|
|
The
exhibition 'Room for Manoeuvre' features new works by Knowbotic Research
(KRcF), known for their advanced network and media projects since
the founding of the artist group in 1991. In a specially designed
audio-visual installation including four video projections, 'Room
for Manoeuvre' presents four 'vehicles'
of the that Knowbotic Research have developed for their current projects,
and places these vehicles in a series of hypothetical scenarios. The
exhibition explores the meaning of codes and actions in public spaces.

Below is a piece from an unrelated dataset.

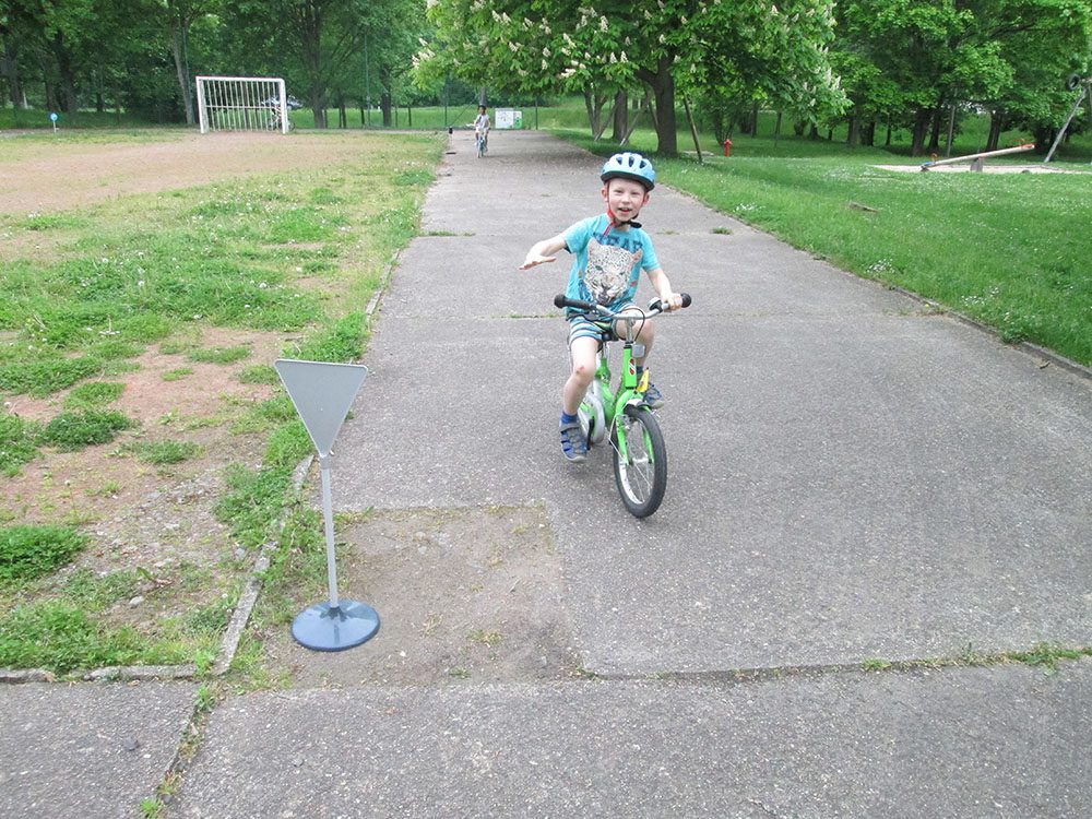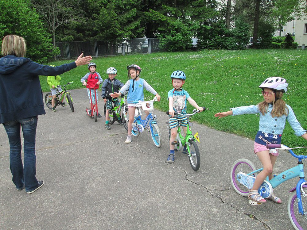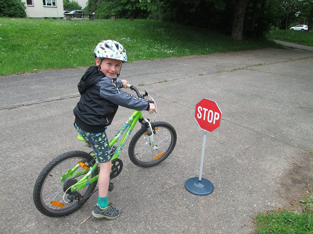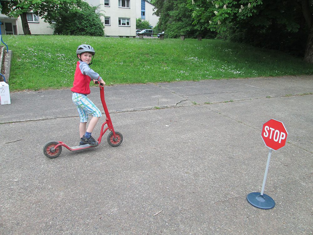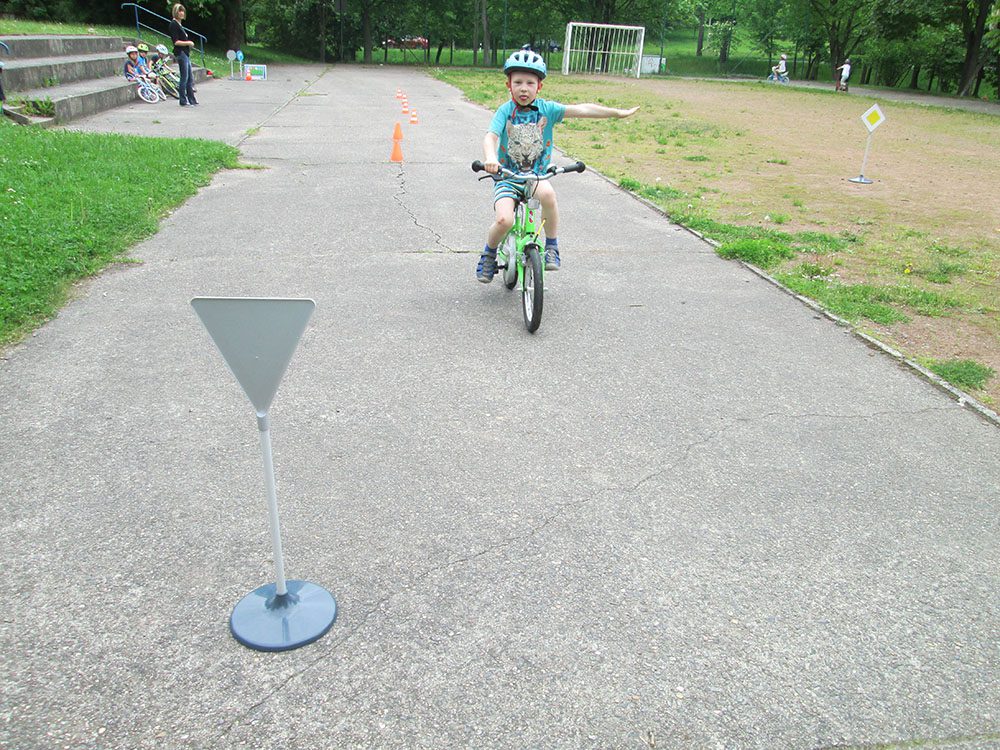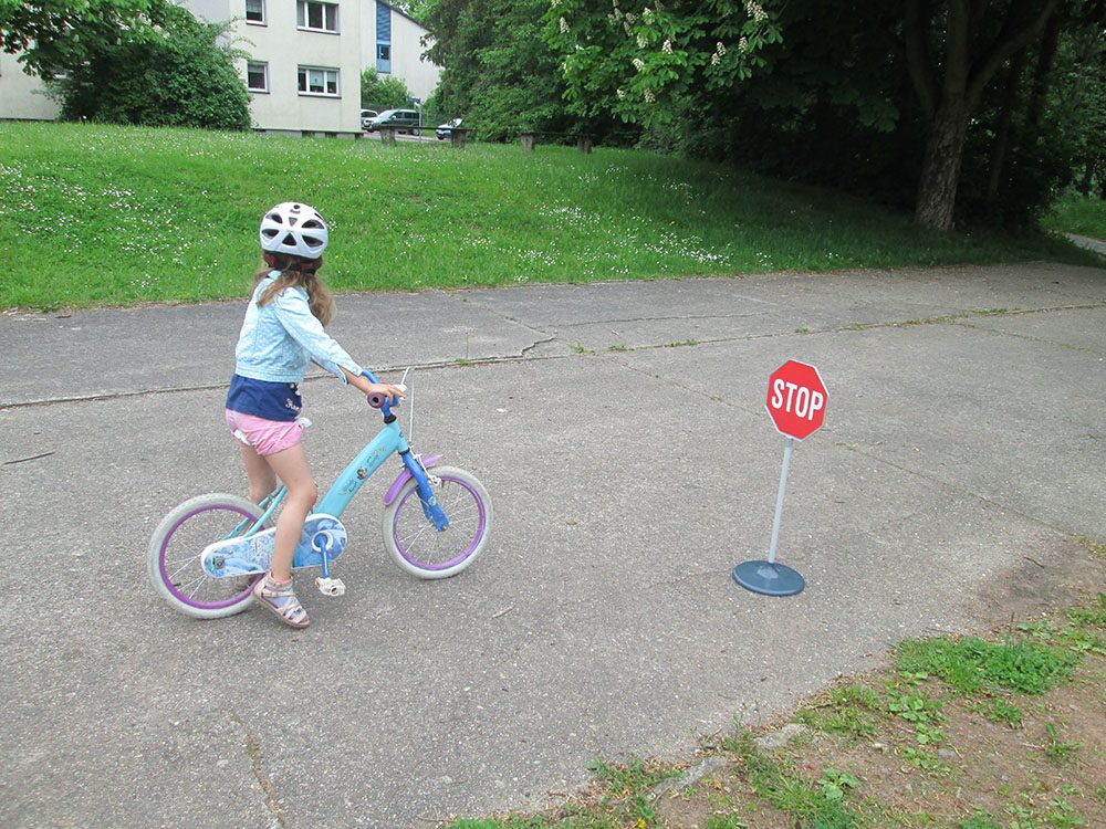 Am STOP-Schild anzuhalten, einen Fuß auf die Straße zu setzen und nach links und rechts zu schauen waren genauso Bestandteil der Übungen, wie das Hand-Heraushalten mit Schulterblick, welches beim Abbiegen von Wichtigkeit ist.

It proposes possibilities for acting through strategies of transcoding
in these spaces of power, of scientific knowledge, of surveillance,
and spaces of migration.
Going beyond these possibilities, the show suggests to the audience
that such 'vehicles' might in fact be used for other, self-designed
purposes. The show came about as a result of an invitation by Alenka
Gregoric from Škuc
Gallery, almost two years ago, to curate an exhibition that
would show how the divide between the so-called media art world and
the contemporary art world is withering away. Now in the 15th year
of their extremely fruitful collaboration as a group, recent projects
by Knowbotic Research appeared as a perfect way of showing how the
contemporary art discourse is no longer hung up on its former technophobia,
while at the same time artists are becoming much more versed in understanding
the limitations and the potential of digital and other technologies
as artistic means.
Presenting this show at Škuc is a great honour, both because of the
gallery's fame as a home to the younger European art avantgarde, and
because Ljubljana has played such a crucial role for reinventing contemporary
art in the face of the network and digital culture.